The highest values of fixation indices for inbreeding (FIS and FIT) were recorded for loci CA_08 and CA_07 (Table 4). Theses loci have higher heterozygote deficiency, because for most populations the alleles of these loci were less than two. Such loci should be given further research attention as they might be linked to or located at vital genes that minimize recombination frequency in order to prevent loss of vital function. Contrary to these loci, locus CA_11 was represented by excess heterozygosity which suggest heterozygote advantage at that locus. Multi-allelic loci are of greater value for poorly studied crops like anchote as they can serve as molecular barcodes for variety/accession identification or can play a role in efficient conservation and management of anchote germplasms in Ethiopia and beyond. Hence, loci CA_06 and CA_01 should get priority for these purposes, as they have higher PIC than other loci. In this study, low but significant differentiation was obtained between the accessions (FST = 0.15; P < 0.001) with 54.2% of the accession-pairs showing significant differentiation. Similar study using inter simple sequence (ISSR) markers revealed higher population differentiation (FST = 0.49) (Bekele et al. 2014). Lower population differentiation and reduced genetic diversity are expected when EST-SSRs are used instead of neutral markers such as ISSR, as mutation rate in EST-SSRs is relatively low (Serra et al. 2007). Hence, significantly differentiated accessions need to be given priority both for conservation and breeding purposes. The low population differentiation is attributable to the moderate level of gene flow between anchote populations similar with other studies (Wickert et al. 2012). In future germplasm collecting missions, districts from which more diverse populations were obtained should be given priority in order to capture further diversity. Analysis of molecular variance revealed that about 85% of the total variation accounted for the variation within accessions. This is probably due to direct germplasm exchange between farmers of different districts, and through local market system as well as pollen flow between anchote populations.

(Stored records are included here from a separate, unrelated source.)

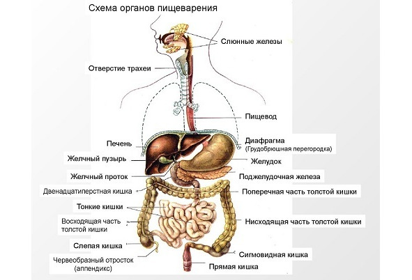 Пищеварительная система включает в себя ЖКТ плюс органы пищеварения. Желудочно-кишечный тракт состоит из следующих органов: рот (на схеме почти всех пациентов он почему-то отсутствует), гортань, пищевод, желудок, двенадцатиперстная кишка, тонкий кишечник, толстый кишечник, прямая кишка, задний проход или анус. Брыжейка, поджелудочная железа, печень и жёлчный пузырь являются органами пищеварения, так как принимают в нём непосредственное участие, но не являются органами ЖКТ.
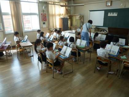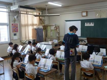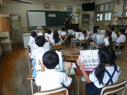 1年生の音楽の時間は、鍵盤ハーモニカを使って演奏の練習でした。
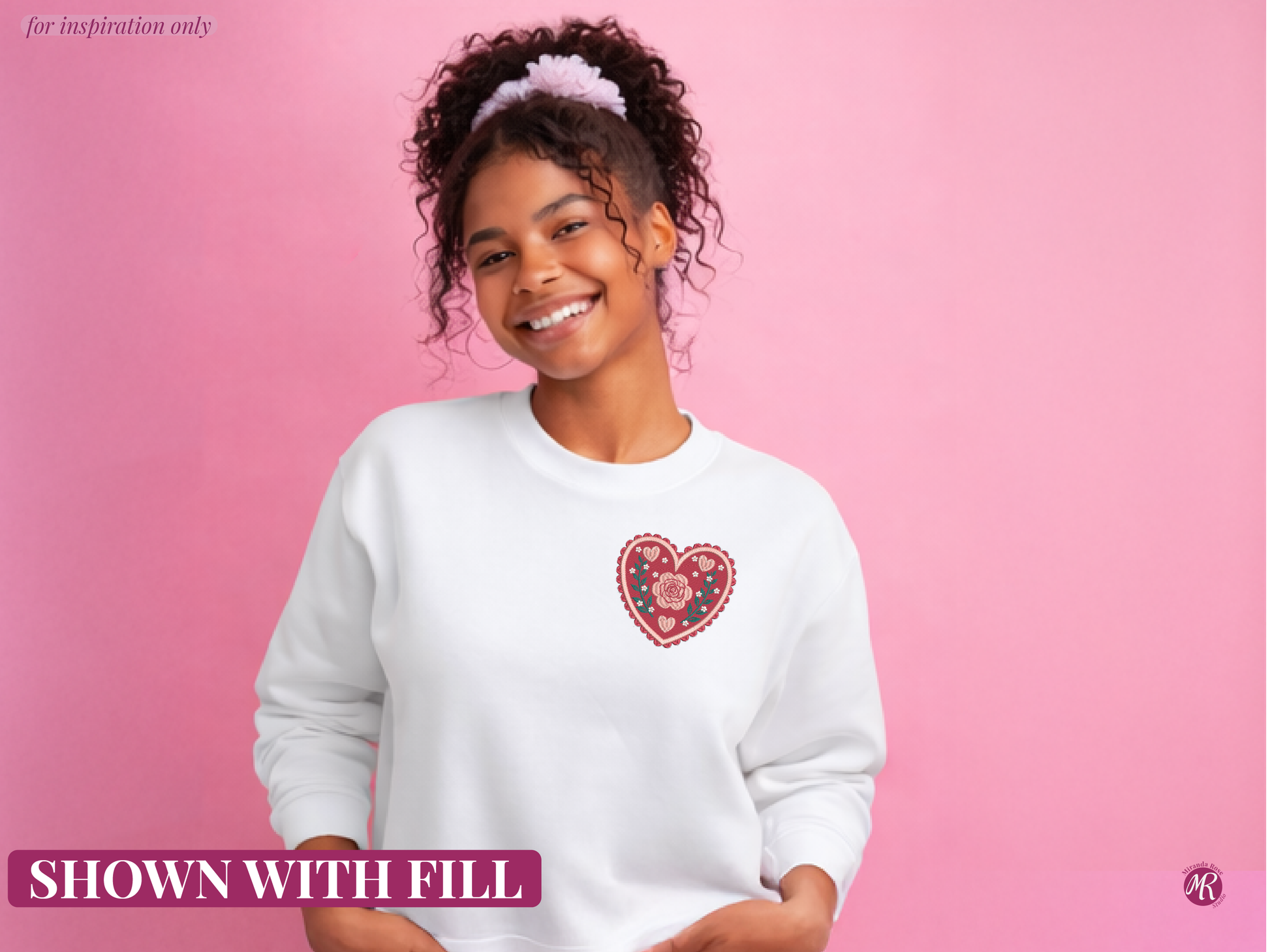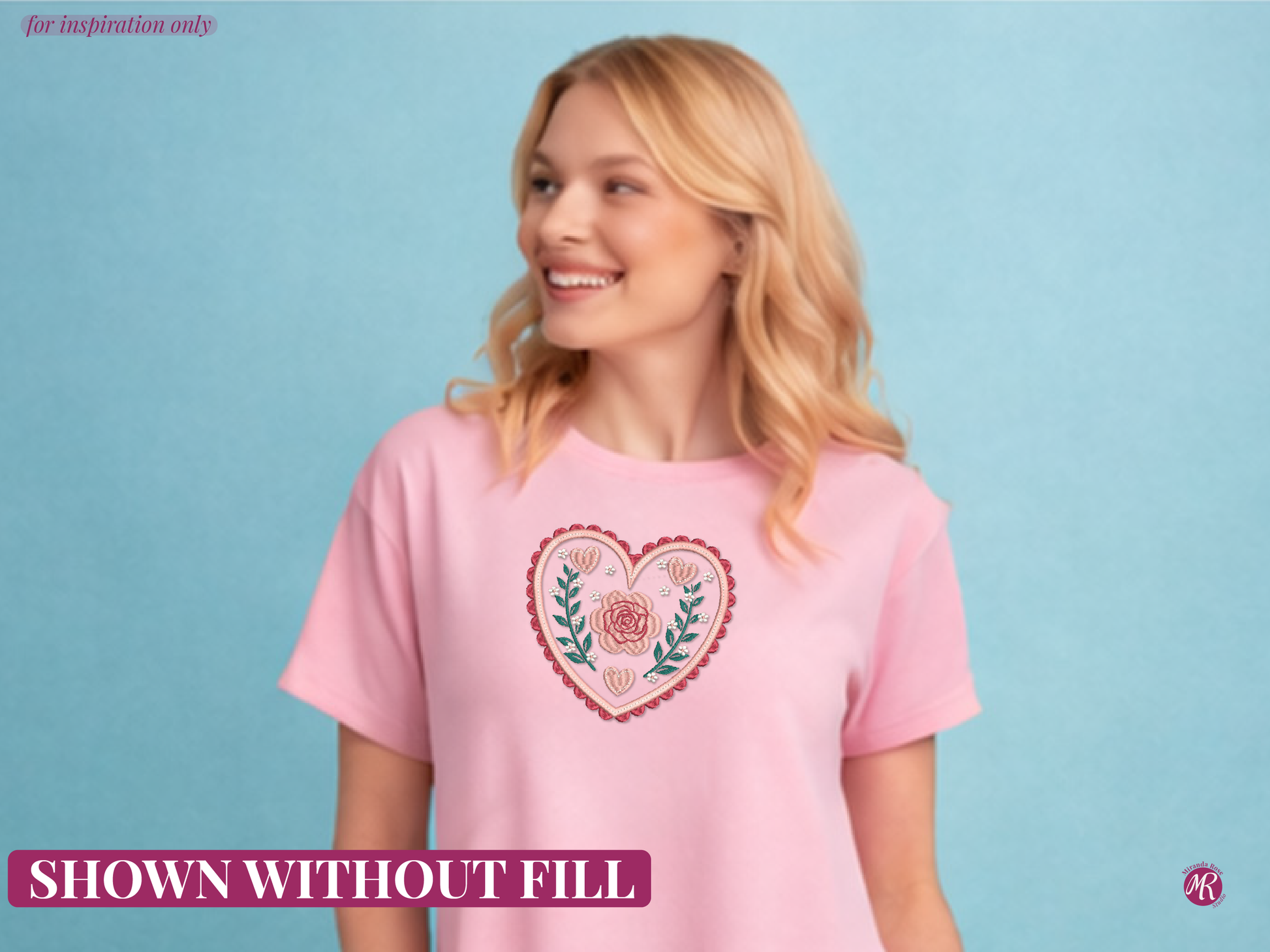 Elevate your next project with this Boho Heart machine embroidery design. Inspired by vintage folk art, boho Valentine’s motifs, and 70s hippie florals, this design is perfect for adding a romantic, heirloom touch to sweatshirts, denim jackets, tote bags, tea towels, pillow covers, quilt blocks, and handmade gifts. Choose your preferred look with two variations: one with a fill-stitch background for a bold statement, and one without fill for a lighter, more open stitch-out. Create polished, professional-looking embroidery with an instant-download file made for makers who love vintage, boho, folk-art romance.

The genetic distance between populations did not follow the geographic distance between the sampling sites of the accessions. The neighbor-joining cluster analysis also clearly showed complex patter of clustering that is not in line with the geographic origin of the accessions. The population structure analysis revealed high level of admixture between the accessions. The analysis also revealed not much differences between the genotypes in terms of the likelihood of their membership in each of the genetic populations, indicating lack of clear population structure in anchote. The anchote accessions included in the present study were collected from areas where the local communities share similar socio-economic and food culture, which might have resulted lower than expected differentiation/diversity between the accessions and lack of clear population structure. It would be interesting to analyze anchote germplasm representing local communities with different socioeconomic and food culture in the future studies.

Conclusions

The development of novel EST-SSR markers, and their application for the analyses of genetic diversity, is the first of its kind in anchote. Although the number of markers developed in this study is few, they have an important role to play in characterization of anchote genetic resources for conservation and breeding purposes. The result of this study also serves as additional evidence in supporting the across-species transferability, within a family, of a good proportion of EST-SSR markers. The present study revealed moderate level of genetic diversity in anchote accessions and suggested potential hotspots for conservation. However, further research including more germplasms and molecular markers is required in order to have a clearer pattern about its population genetics as well as for its improvement through breeding. Hence, this study serves as a motivation for researchers to develop genomic tools for this vital but orphan crop so that modern breeding tools such marker assisted selection (MAS) and genomic selection (GS) can be applied, for accelerated delivery of high yielding and “climate smart” anochte varieties with wider adoption which in turn contributes towards food and nutrition security in Ethiopia and Eastern Africa.